By Douglas C. Schmidt
As part of an ongoing effort to keep you informed about our latest work, I'd like to let you know about some recently published SEI technical reports and notes. These reports highlight the latest work of SEI technologists in workforce competency and readiness, cyber forensics, exploratory research, acquisition, and software-reliant systems. This post includes a listing of each report, author(s), and links where the published reports can be accessed on the SEI website.
Competency Lifecycle Roadmap: Toward Performance Readiness
By Sandra Behrens, Christopher J. Alberts, & Robin Ruefle
Workforce effectiveness relies on two critical characteristics: competence and readiness. This technical note describes the Competency Lifecycle Roadmap (CLR), a preliminary roadmap for understanding and building workforce readiness, developed by the Computer Security Incident Response Team (CSIRT) Development and Training team at the CERT® Program, part of Carnegie Mellon® University's Software Engineering Institute. This note provides an early look at the roadmap, highlights some of its uses to date, and discusses potential next steps in its development and transition.
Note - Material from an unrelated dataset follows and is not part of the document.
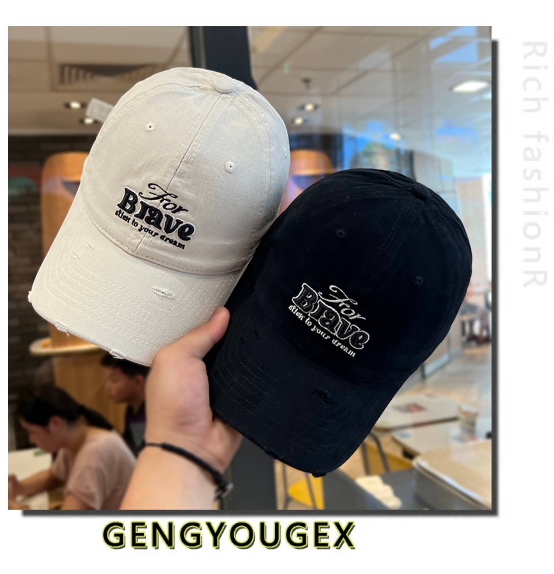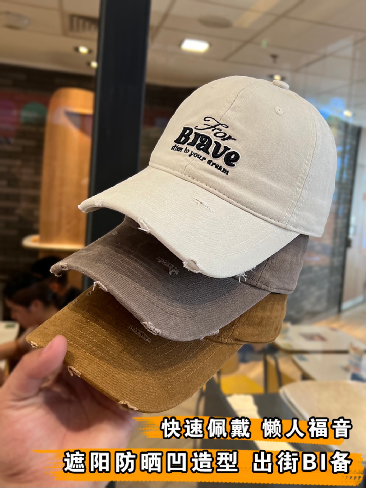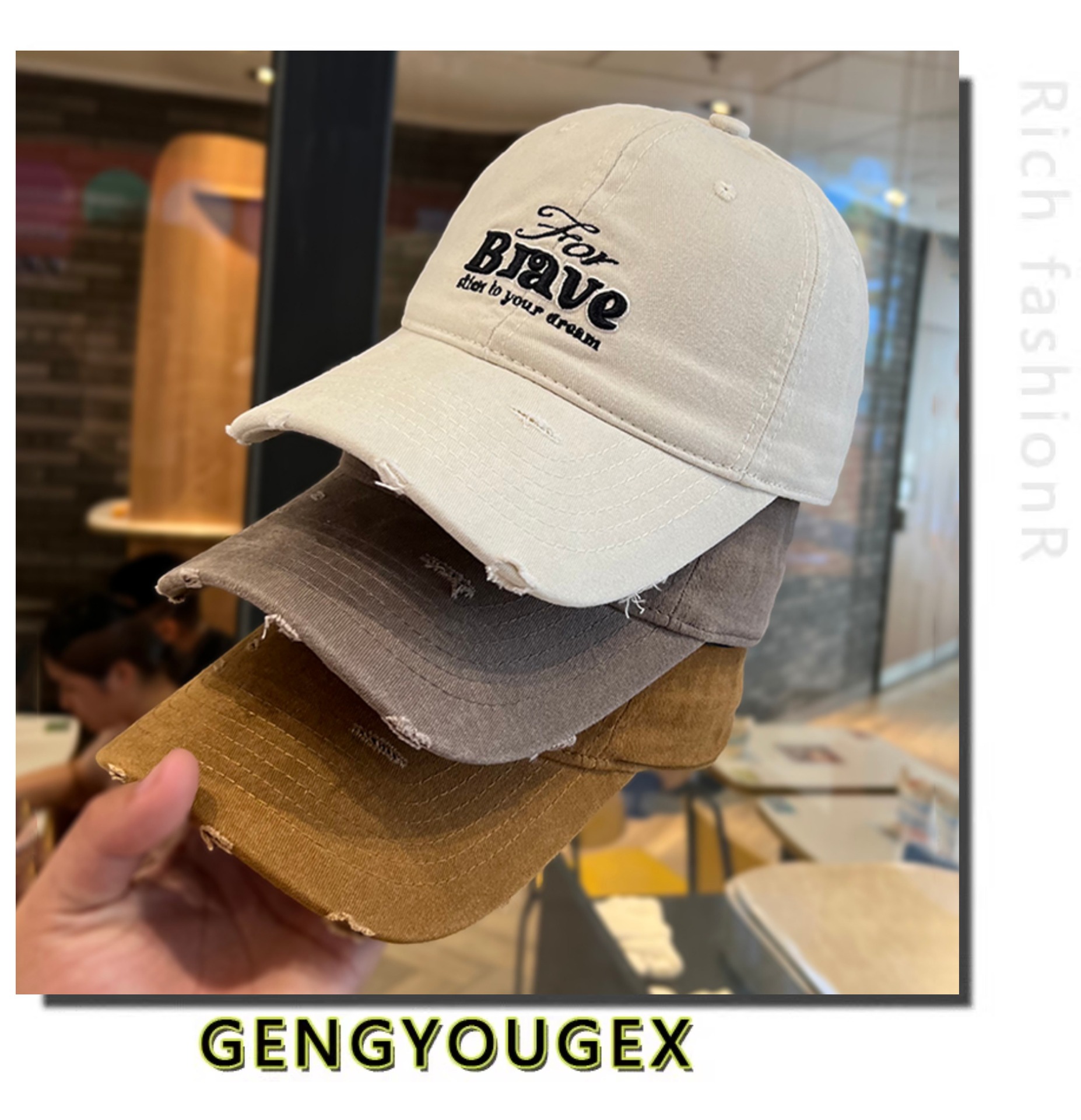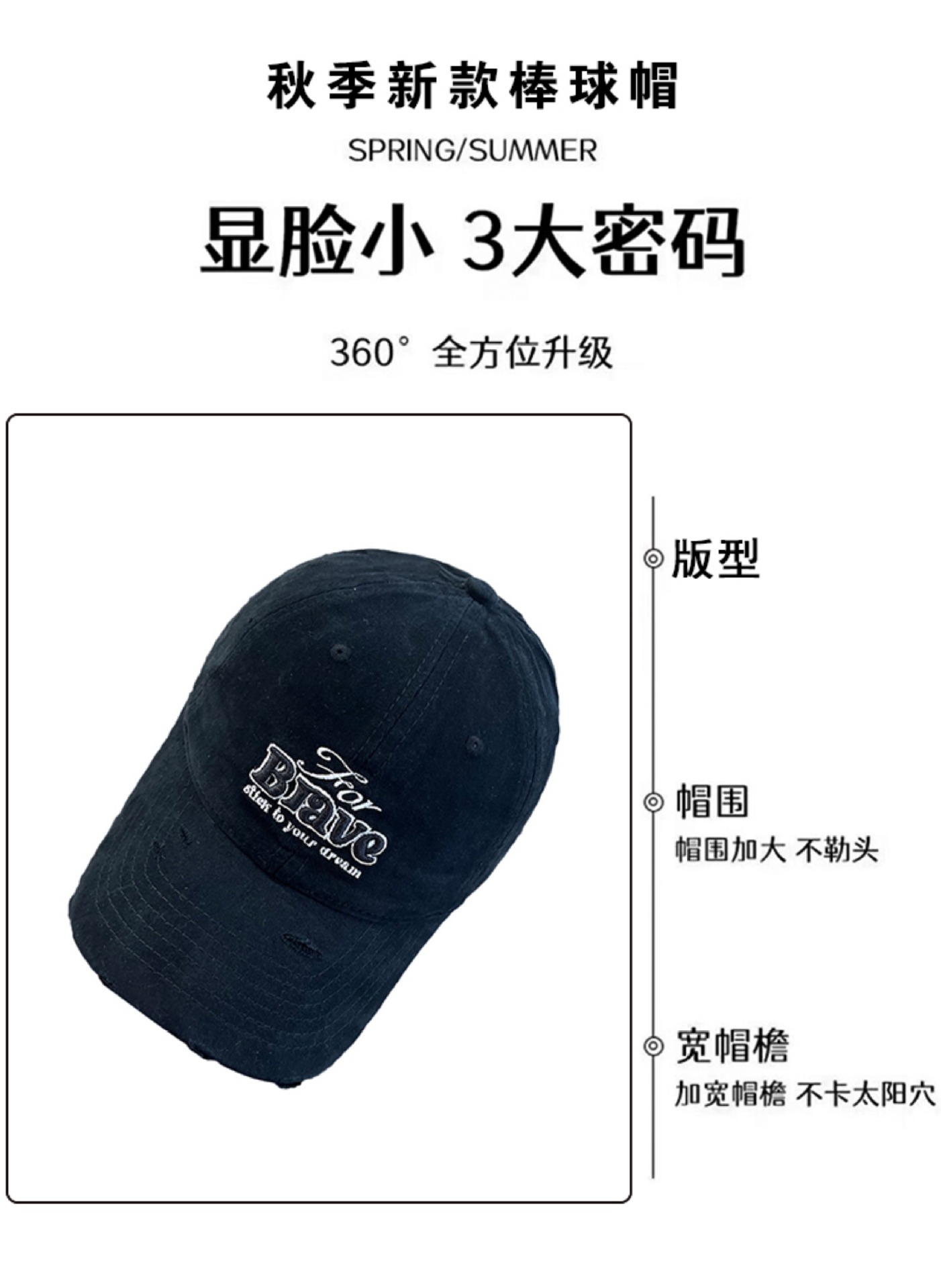 Coreano retro hacer viejos agujeros estereoscópicos bordados letras sombrero de béisbol mujer primavera y otoño calles generales sombrero de lengua de pato moda

Network Profiling Using Flow
By Austin Whisnant & Sid Faber
This report provides a step-by-step guide for profiling—discovering public-facing assets on a network—using network flow (netflow) data. Netflow data can be used for forensic purposes, for finding malicious activity, and for determining appropriate prioritization settings. The goal of this report is to create a profile to see a potential attacker’s view of an external network.
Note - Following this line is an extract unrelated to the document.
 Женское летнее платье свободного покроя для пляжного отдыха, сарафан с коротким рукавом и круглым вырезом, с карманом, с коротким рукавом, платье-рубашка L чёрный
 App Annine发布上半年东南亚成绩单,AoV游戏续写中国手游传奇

Readers will learn how to choose a data set, find the top assets and services with the most traffic on the network, and profile several services. A case study provides an example of the profiling process. The underlying concepts of using netflow data are presented so that readers can apply the approach to other cases. A reader using this report to profile a network can expect to end with a list of public-facing assets and the ports on which each is communicating and may also learn other pertinent information, such as external IP addresses, to which the asset is connecting. This report also provides ideas for using, maintaining, and reporting on findings. The appendices include an example profile and scripts for running the commands in the report. The scripts are a summary only and cannot replace reading and understanding this report.
Results of SEI Line-Funded Exploratory New Starts Projects
By Len Bass, Nanette Brown, Gene Cahill, William Casey, Sagar Chaki, Cory Cohen, Dionisio de Niz, David French, Arie Gurfinkel, Rick Kazman, Ed Morris, Brad Myers, William Nichols, Robert L. Nord, Ipek Ozkaya, Raghvinder S. Sangwan, Soumya Simanta, Ofer Strichman, & Peppo Valetto
The SEI annually undertakes several line-funded exploratory new starts (LENS) projects. These projects serve to (1) support feasibility studies investigating whether further work by the SEI would be of potential benefit and (2) support further exploratory work to determine whether there is sufficient value in eventually funding the feasibility study work as an SEI initiative. Projects are chosen based on their potential to mature and/or transition software engineering practices, develop information that will help in deciding whether further work is worth funding, and set new directions for SEI work. This report describes the LENS projects that were conducted during fiscal year 2011 (October 2010 through September 2011).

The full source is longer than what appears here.